Amlodipine; Valsartan; Hydrochlorothiazide, HCTZ: Moderate Additive hypokalemia may occur when non-potassium sparing diuretics, including thiazide diuretics, are coadministered with other drugs with a significant risk of hypokalemia, such as corticosteroids. Amoxicillin; Clarithromycin; Omeprazole: Moderate Monitor for corticosteroid-related adverse effects if coadministration is necessary.

Amphotericin B cholesteryl sulfate complex ABCD : Moderate The potassium-wasting effects of corticosteroid therapy can be exacerbated by concomitant administration of other potassium-depleting drugs including amphotericin B.

Serum potassium levels should be monitored in patients receiving these drugs concomitantly. Amphotericin B lipid complex ABLC : Moderate The potassium-wasting effects of corticosteroid therapy can be exacerbated by concomitant administration of other potassium-depleting drugs including amphotericin B.

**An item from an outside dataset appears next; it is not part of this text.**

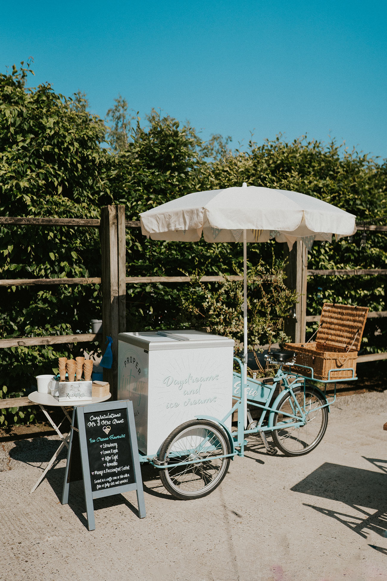 Making the most of the surroundings, the wedding moved outside for dessert served from a vintage ice cream trike. “Lee and I picked our favourite ice cream flavours, including lemon ripple, After Eight choc mint, and mango and passionfruit,” says Chelse. “They went down a treat!”

Amphotericin B liposomal LAmB : Moderate The potassium-wasting effects of corticosteroid therapy can be exacerbated by concomitant administration of other potassium-depleting drugs including amphotericin B. Amphotericin B: Moderate The potassium-wasting effects of corticosteroid therapy can be exacerbated by concomitant administration of other potassium-depleting drugs including amphotericin B. Argatroban: Moderate Concomitant use of systemic sodium chloride, especially at high doses, and corticosteroids may result in sodium and fluid retention.

Assess sodium chloride intake from all sources, including intake from sodium-containing intravenous fluids and antibiotic admixtures. Carefully monitor sodium concentrations and fluid status if sodium-containing drugs and corticosteroids must be used together.